Fani każdego serialu marzą o tym, aby znaleźć się choć przez chwilę na planie filmowym razem z ulubionymi aktorami. Albo chociaż odwiedzić miejsca, w których serial jest kręcony. I właśnie taką możliwość dadzą fanom twórcy "Gry o Tron". Okazuje się, że serialowe lokalizacje nie zostaną rozebrane po zakończeniu produkcji, a widzowie będą mogli zwiedzić m.in. Wintefell.
Twórcy serialu chcą uchylić rąbka tajemnicy tworzenia opowieści o Westeros. Fanom produkcji umożliwi się bowiem odwiedziny w Czarnym Zamku, Winterfell czy Królewskiej Przystani.
Choć produkcja ostatniego sezonu serialu dobiega końca, żadne z tych miejsc nie zostanie rozebrane. Turyści będą mieli okazję nie tylko podziwiać dekoracje, rekwizyty, broń i kostiumy, które były wykorzystywane podczas kręcenia serialu, ale także stanąć po drugiej stronie kamery.
Widzowie będą mogli odwiedzić także Linen Mill Studios, które czuwa nad produkcją jednej z najbardziej znanych i najdroższych produkcji HBO.

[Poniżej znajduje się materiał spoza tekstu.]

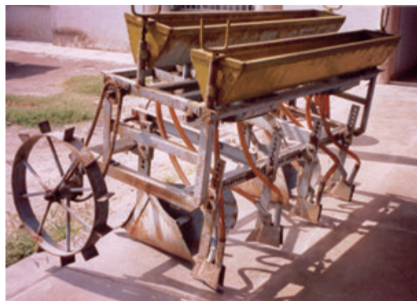
Fig. 4.15: Modern technological equipments used in agriculture

some of the strategies initiated to improve the lot of Indian agriculture. But, this too led to the concentration of development in few selected areas. Therefore, in the 1980s and 1990s, a comprehensive land development programme was initiated, which included both institutional and technical reforms. Provision for crop insurance against drought, flood, cyclone, fire and disease, establishment of Grameen banks, cooperative societies and banks for providing loan facilities to the farmers at lower rates of interest were some important steps in this direction.

Taka możliwość cieszy także osoby zajmujące się turystyką w Irlandii Północnej, w której w dużej mierze znajdują się miejsca, które są wykorzystywane w serialu. – Dotychczas fani widzieli w serialu oszałamiające krajobrazy góry czy brzeg morza. Bardzo się cieszymy, że teraz będą mieli okazję w pełni doświadczyć uroków Irlandii Północnej i zanurzyć się w świecie Westeros – powiedział John Grillen, dyrektor generalny Tourism Northern Ireland.
Data uruchomienia – a raczej udostępnienia – atrakcji nie jest jeszcze znana. Bardzo możliwe, że stanie się to wraz z premiera ostatniej serii serialu, która zaplanowana jest na połowę 2019 roku.